[Recorded data]

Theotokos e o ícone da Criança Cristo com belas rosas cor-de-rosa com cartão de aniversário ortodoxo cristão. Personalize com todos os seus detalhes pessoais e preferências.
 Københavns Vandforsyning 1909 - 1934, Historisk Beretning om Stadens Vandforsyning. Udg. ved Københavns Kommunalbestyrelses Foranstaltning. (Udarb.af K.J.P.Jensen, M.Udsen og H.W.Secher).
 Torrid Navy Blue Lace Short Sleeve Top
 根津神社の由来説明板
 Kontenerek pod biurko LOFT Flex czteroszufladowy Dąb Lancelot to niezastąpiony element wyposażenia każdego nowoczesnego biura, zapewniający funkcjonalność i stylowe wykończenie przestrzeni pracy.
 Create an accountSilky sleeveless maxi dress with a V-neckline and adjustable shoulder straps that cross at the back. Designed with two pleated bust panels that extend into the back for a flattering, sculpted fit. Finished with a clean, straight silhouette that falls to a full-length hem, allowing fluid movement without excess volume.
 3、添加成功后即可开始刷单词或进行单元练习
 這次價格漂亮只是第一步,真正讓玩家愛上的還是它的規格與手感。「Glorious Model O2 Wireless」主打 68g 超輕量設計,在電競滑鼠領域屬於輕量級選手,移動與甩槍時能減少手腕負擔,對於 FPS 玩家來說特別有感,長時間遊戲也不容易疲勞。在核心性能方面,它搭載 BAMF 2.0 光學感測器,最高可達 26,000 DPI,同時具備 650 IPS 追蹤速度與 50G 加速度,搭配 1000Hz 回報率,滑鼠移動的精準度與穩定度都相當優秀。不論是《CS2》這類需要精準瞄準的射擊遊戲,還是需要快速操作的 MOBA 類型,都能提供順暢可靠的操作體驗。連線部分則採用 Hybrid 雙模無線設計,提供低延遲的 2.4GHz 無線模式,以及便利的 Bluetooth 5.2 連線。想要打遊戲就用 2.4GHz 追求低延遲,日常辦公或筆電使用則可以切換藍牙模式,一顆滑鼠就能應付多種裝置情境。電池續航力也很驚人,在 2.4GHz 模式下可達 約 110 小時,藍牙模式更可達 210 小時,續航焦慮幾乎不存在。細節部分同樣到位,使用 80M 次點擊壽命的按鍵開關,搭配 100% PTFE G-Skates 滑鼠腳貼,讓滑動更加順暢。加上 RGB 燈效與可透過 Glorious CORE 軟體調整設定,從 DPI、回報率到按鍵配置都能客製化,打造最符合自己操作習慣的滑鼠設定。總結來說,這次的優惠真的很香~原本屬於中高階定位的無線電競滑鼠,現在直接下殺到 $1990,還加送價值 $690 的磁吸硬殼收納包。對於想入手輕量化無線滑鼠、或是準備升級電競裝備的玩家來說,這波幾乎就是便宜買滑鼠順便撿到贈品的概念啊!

◆ **EXERCISE DESCRIPTION**: For this task, print the records again exactly as they appear.

◆ **TASK RESULT**:
Theotokos e o ícone da Criança Cristo com belas rosas cor-de-rosa com cartão de aniversário ortodoxo cristão. Personalize com todos os seus detalhes pessoais e preferências.
 Københavns Vandforsyning 1909 - 1934, Historisk Beretning om Stadens Vandforsyning. Udg. ved Københavns Kommunalbestyrelses Foranstaltning. (Udarb.af K.J.P.Jensen, M.Udsen og H.W.Secher).
 Torrid Navy Blue Lace Short Sleeve Top
 根津神社の由来説明板
 Kontenerek pod biurko LOFT Flex czteroszufladowy Dąb Lancelot to niezastąpiony element wyposażenia każdego nowoczesnego biura, zapewniający funkcjonalność i stylowe wykończenie przestrzeni pracy.
 Create an accountSilky sleeveless maxi dress with a V-neckline and adjustable shoulder straps that cross at the back. Designed with two pleated bust panels that extend into the back for a flattering, sculpted fit. Finished with a clean, straight silhouette that falls to a full-length hem, allowing fluid movement without excess volume.
 3、添加成功后即可开始刷单词或进行单元练习
 這次價格漂亮只是第一步,真正讓玩家愛上的還是它的規格與手感。「Glorious Model O2 Wireless」主打 68g 超輕量設計,在電競滑鼠領域屬於輕量級選手,移動與甩槍時能減少手腕負擔,對於 FPS 玩家來說特別有感,長時間遊戲也不容易疲勞。在核心性能方面,它搭載 BAMF 2.0 光學感測器,最高可達 26,000 DPI,同時具備 650 IPS 追蹤速度與 50G 加速度,搭配 1000Hz 回報率,滑鼠移動的精準度與穩定度都相當優秀。不論是《CS2》這類需要精準瞄準的射擊遊戲,還是需要快速操作的 MOBA 類型,都能提供順暢可靠的操作體驗。連線部分則採用 Hybrid 雙模無線設計,提供低延遲的 2.4GHz 無線模式,以及便利的 Bluetooth 5.2 連線。想要打遊戲就用 2.4GHz 追求低延遲,日常辦公或筆電使用則可以切換藍牙模式,一顆滑鼠就能應付多種裝置情境。電池續航力也很驚人,在 2.4GHz 模式下可達 約 110 小時,藍牙模式更可達 210 小時,續航焦慮幾乎不存在。細節部分同樣到位,使用 80M 次點擊壽命的按鍵開關,搭配 100% PTFE G-Skates 滑鼠腳貼,讓滑動更加順暢。加上 RGB 燈效與可透過 Glorious CORE 軟體調整設定,從 DPI、回報率到按鍵配置都能客製化,打造最符合自己操作習慣的滑鼠設定。總結來說,這次的優惠真的很香~原本屬於中高階定位的無線電競滑鼠,現在直接下殺到 $1990,還加送價值 $690 的磁吸硬殼收納包。對於想入手輕量化無線滑鼠、或是準備升級電競裝備的玩家來說,這波幾乎就是便宜買滑鼠順便撿到贈品的概念啊!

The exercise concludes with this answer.